MON PERE et autres textes d'Orhan Pamuk

O. Pamuk, 2006 - Gallimard, 2009 - Folio, 2012

 

pamuk - mon pèreLe fils et l'écrivain

Réunis dans un folio 2 € (n°5422), ces trois textes sont extraits d’un recueil plus vaste, D’autres couleurs (folio n°5194). Tous portent sur le père d’Orhan Pamuk. « Mon père » évoque les émotions ressenties par le fils à la mort de son père. « Regarder par la fenêtre » un épisode d’enfance qui approfondit l’une des remarques du premier texte, sur le père s’en allant au loin en laissant sa famille derrière lui. « La valise de mon papa », enfin, est le discours prononcé par Pamuk en recevant le Prix Nobel en décembre 2006.

 

Mon père

 

Dans le premier de ces textes, l’écrivain dresse un portrait de l’homme qui fut son père.

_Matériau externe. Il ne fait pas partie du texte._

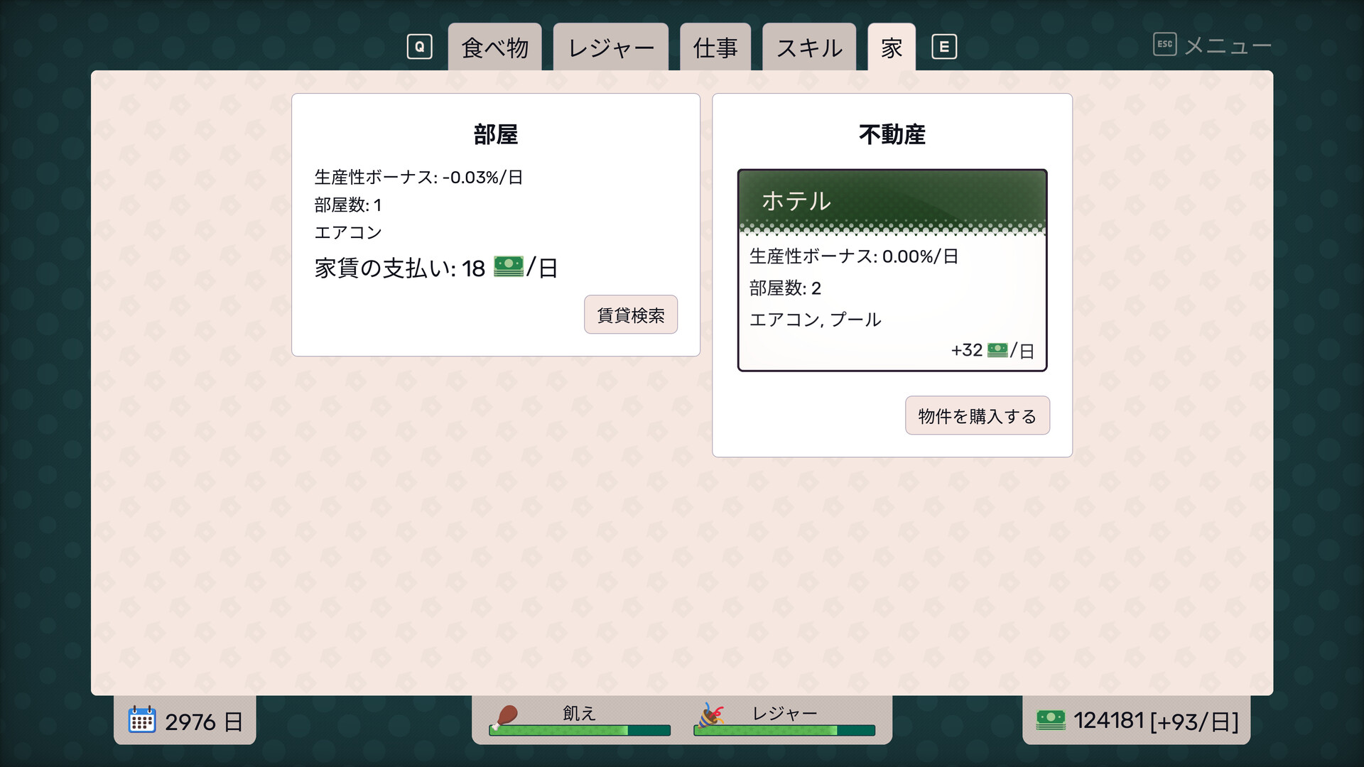 基本欲求を満たそう。8つの料理ジャンルから20種類以上の料理を選んで空腹をしのげ。ただし注意——退屈で死ぬこともある(おすすめしません)!

De son insouciance, de sa liberté d’esprit, de cette désinvolture que le fils lui envie parfois mais que l’on retrouvera, dans le troisième texte, comme l’un des caractères qui précisément différencient l’homme et son fils, et dont l’impossibilité pour le second explique en particulier sa vocation d’écrivain. « Regarder par la fenêtre » se présente d’abord comme un recueil d’impressions sur la famille et les années d’enfance, puis se développe autour de la figure du père et spécialement de son absence et des effets qu’elle produit. Quant à « La valise de mon papa », c’est pour Pamuk une façon d’examiner ce qu’est pour lui l’écriture, ce que cela signifie d’être écrivain, à partir d’une anecdote, le souvenir d’une valise que lui remit son père, dans laquelle il avait rangé ses carnets, ses écrits, et que l’écrivain mit du temps à ouvrir. Ce sont ses peurs, ses questions, ses émotions à l’égard de son père et de la nature de l’écriture que l’écrivain évoque ici, utilisant un souvenir du père pour aller au fond de lui-même.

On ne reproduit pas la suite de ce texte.